Every evening, when orders arrived from Wing, the CO, Packham and the flight- commanders sat down together and worked out the next day’s flying programme. This included the names of the crews to fly and was pinned up in the messes – officers’, sergeants’ and men’s. Normally we provided three offensive patrols, usually of nine aircraft each, but sometimes of sixteen, so it was very seldom that a crew was required for three patrols in a day and, depending on the weather, they were often only required for one. We were a fighter squadron and our purpose on offensive patrols was to find and destroy German aircraft; and since at that time the Germans seldom came across the lines in fighting strength, it was on their side of the lines that we patrolled. Usually each Bristol Fighter carried one 112 pound bomb, and the formation was given a bombing target, some rail or road junction or a suspected headquarters, rest area or ammunition dump: but it was clearly understood that our object was fighting and that if we met EA (Enemy Aircraft) before we reached our bombing target we were to let our bombs go, if we had crossed the lines, and get on with it. The bombing was only intended as an irritant and to cause pressure to be put on the German commander to order his fighters to engage us. We carried no bombsights: the procedure was to lean out as far as you could and when the target disappeared under the leading edge of the bottom plane you counted to six and then pulled the plug – regardless of whether we were at twelve or eighteen thousand feet or flying up or down wind, or across it. If we needed to hit something, the only method was to go down to a couple of hundred feet; and even then that needed training, which we did not have. Anyway, bombing was not our job.
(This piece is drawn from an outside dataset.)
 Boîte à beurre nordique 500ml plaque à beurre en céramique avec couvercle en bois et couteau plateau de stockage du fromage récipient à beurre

The intention behind our strategy was to give cover, direct and indirect, to our artillery observation and reconnaissance aircraft on both sides of the lines and to prevent the enemy’s spotter and recce aircraft from working. There were two obvious tactical disadvantages to our policy: by using our aircraft to maintain continuous patrols throughout the day we allowed the Germans to concentrate when they chose and to engage us in superior numbers: and because were always operating on the other side of the lines a forced landing caused by engine failure or by enemy action usually meant capture. Probably our worst handicap was the prevailing westerly wind, which in a dogfight drifted us further and further from our lines, so that unless the Huns broke off the fight they would be on our tails when we were forced to turn for home: but for all the disadvantages I think the policy of maintaining the offensive on the enemy side of the lines was the right one at the time, while the enemy lacked the will or the means to stop us.
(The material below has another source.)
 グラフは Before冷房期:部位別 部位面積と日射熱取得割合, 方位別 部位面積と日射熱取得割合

Sometimes, instead of seeking a bombing target, one or two of the formation would carry vertical cameras and we would be given pin-points to photograph or be ordered to take a line strip of mosaic. This involved flying a steady course and speed and, with nine of us drifting along at eighty mph at about 15,000’, the German AA gunners used to plaster us. We left behind us a long dark cloud of archie bursts merging together. If there was a layer of alto-stratus or cirrus above us they could see us better and it was worse. I think their AA shells were badly designed and burst into fragments mostly too small to do vital damage. The fabric covering of wings and fuselage were often riddled with small holes; and occasionally pilots and observers were slightly wounded by fragments that only barely penetrated their heavy flying clothing; but we did not lose any aircraft to AA fire. It could make things uncomfortable and noisy even though the exhaust pipes of the earlier Bristols ended two or three feet ahead of the pilot’s head: later when we were issued with machines fitted with long exhaust pipes, which acted as silencers, the shell bursts sounded much closer and more dangerous. On the first flight with long pipes we were dismayed at the fearsome improvement in the Germans’ shooting.


Excerpt from The Memoirs of Thomas Cathcart Traill, ch.7: 20 Squadron. Ypres/Bailleul. pp. 46-48

  1. Possibly: Corporal [later Sergeant Mechanic] A. Newland ↩︎
  2. Percy Griffith Jones ↩︎

AA shell through cockpit

For the 31st [May] the logbook shows:

Lt. Jones – 120 min. OP Bombs on Armentieres. Overdived on some Huns, left among 10 Albatri. Formation returned and Huns went East. Hit three times by archie and several machine gun hits on bus. (My goggles rested on the dressing on my nose and were uncomfortable.)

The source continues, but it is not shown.